-- AIM OF THE EXERCISE --
Beneath this instruction is a block of data; output from it exactly the lines that run from the one containing "-Phong độ Sassuolo" through the one containing "Z – образний", inclusive.

-- MATERIAL PROVIDED --
↓↓↓
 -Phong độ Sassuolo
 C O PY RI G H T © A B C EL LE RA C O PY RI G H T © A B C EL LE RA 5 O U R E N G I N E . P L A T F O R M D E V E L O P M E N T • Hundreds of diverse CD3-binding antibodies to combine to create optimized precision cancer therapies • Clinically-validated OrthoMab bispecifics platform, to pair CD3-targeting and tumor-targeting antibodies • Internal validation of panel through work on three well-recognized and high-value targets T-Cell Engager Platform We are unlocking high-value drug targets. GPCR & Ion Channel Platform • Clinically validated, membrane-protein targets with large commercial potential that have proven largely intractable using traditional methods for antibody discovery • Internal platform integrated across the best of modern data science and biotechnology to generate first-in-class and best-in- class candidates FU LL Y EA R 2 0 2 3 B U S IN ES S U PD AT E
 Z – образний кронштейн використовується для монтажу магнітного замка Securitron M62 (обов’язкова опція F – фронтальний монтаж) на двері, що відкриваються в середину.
↑↑↑
↓↓↓
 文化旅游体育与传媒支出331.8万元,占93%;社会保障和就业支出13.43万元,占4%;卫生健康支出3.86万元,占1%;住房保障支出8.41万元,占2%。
↑↑↑
↓↓↓
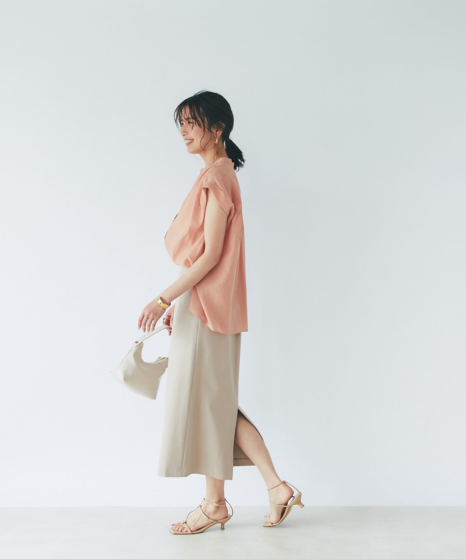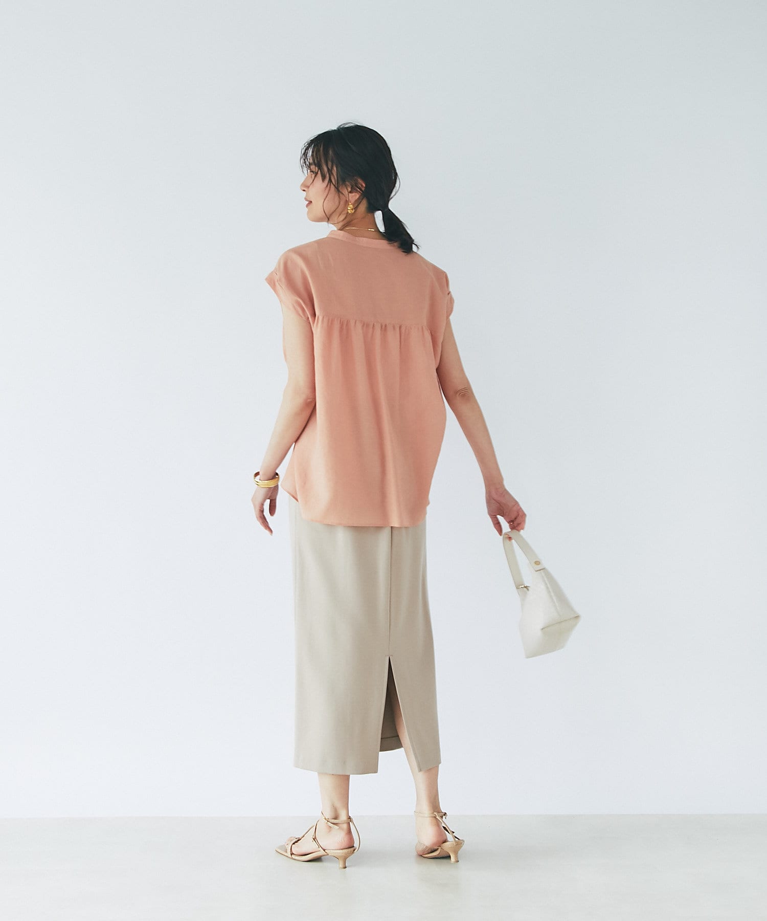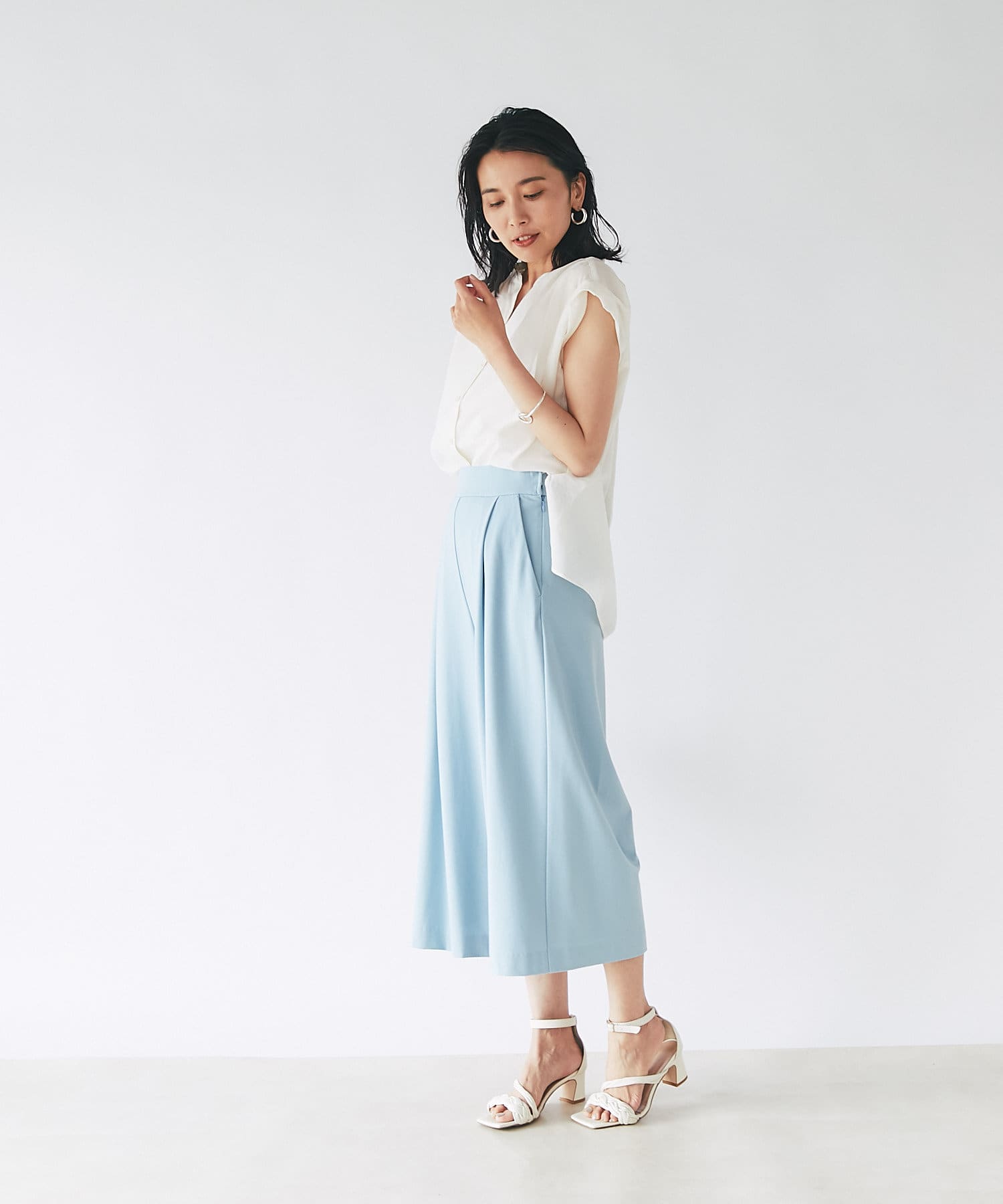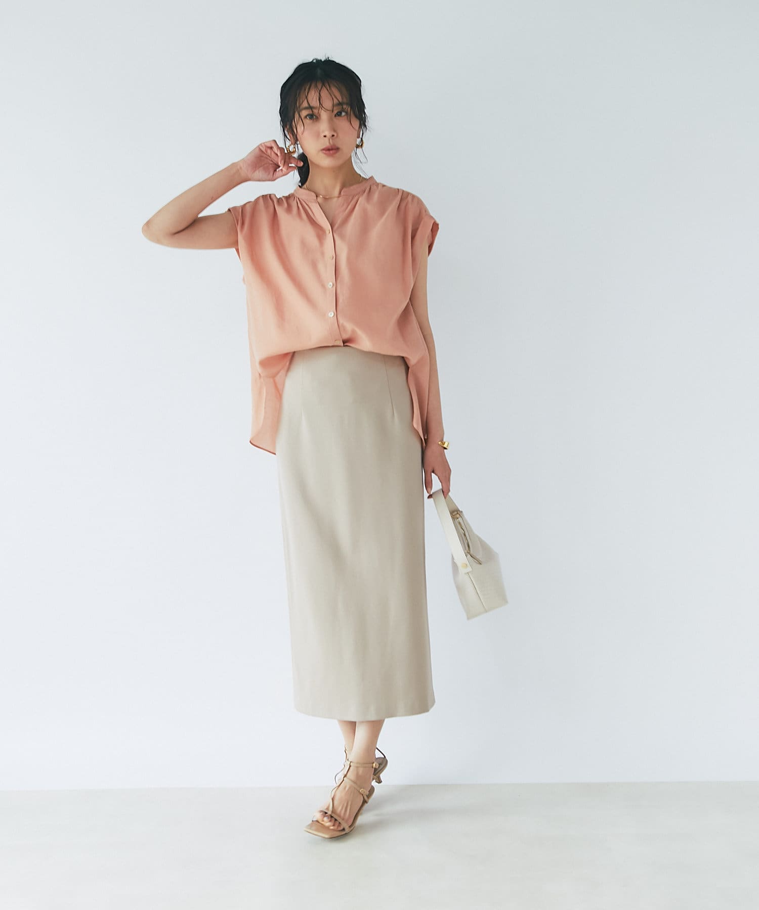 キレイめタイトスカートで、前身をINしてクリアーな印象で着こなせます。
↑↑↑
-- RESULT OF THE TASK --
 -Phong độ Sassuolo
 C O PY RI G H T © A B C EL LE RA C O PY RI G H T © A B C EL LE RA 5 O U R E N G I N E . P L A T F O R M D E V E L O P M E N T • Hundreds of diverse CD3-binding antibodies to combine to create optimized precision cancer therapies • Clinically-validated OrthoMab bispecifics platform, to pair CD3-targeting and tumor-targeting antibodies • Internal validation of panel through work on three well-recognized and high-value targets T-Cell Engager Platform We are unlocking high-value drug targets. GPCR & Ion Channel Platform • Clinically validated, membrane-protein targets with large commercial potential that have proven largely intractable using traditional methods for antibody discovery • Internal platform integrated across the best of modern data science and biotechnology to generate first-in-class and best-in- class candidates FU LL Y EA R 2 0 2 3 B U S IN ES S U PD AT E
 Z – образний кронштейн використовується для монтажу магнітного замка Securitron M62 (обов’язкова опція F – фронтальний монтаж) на двері, що відкриваються в середину.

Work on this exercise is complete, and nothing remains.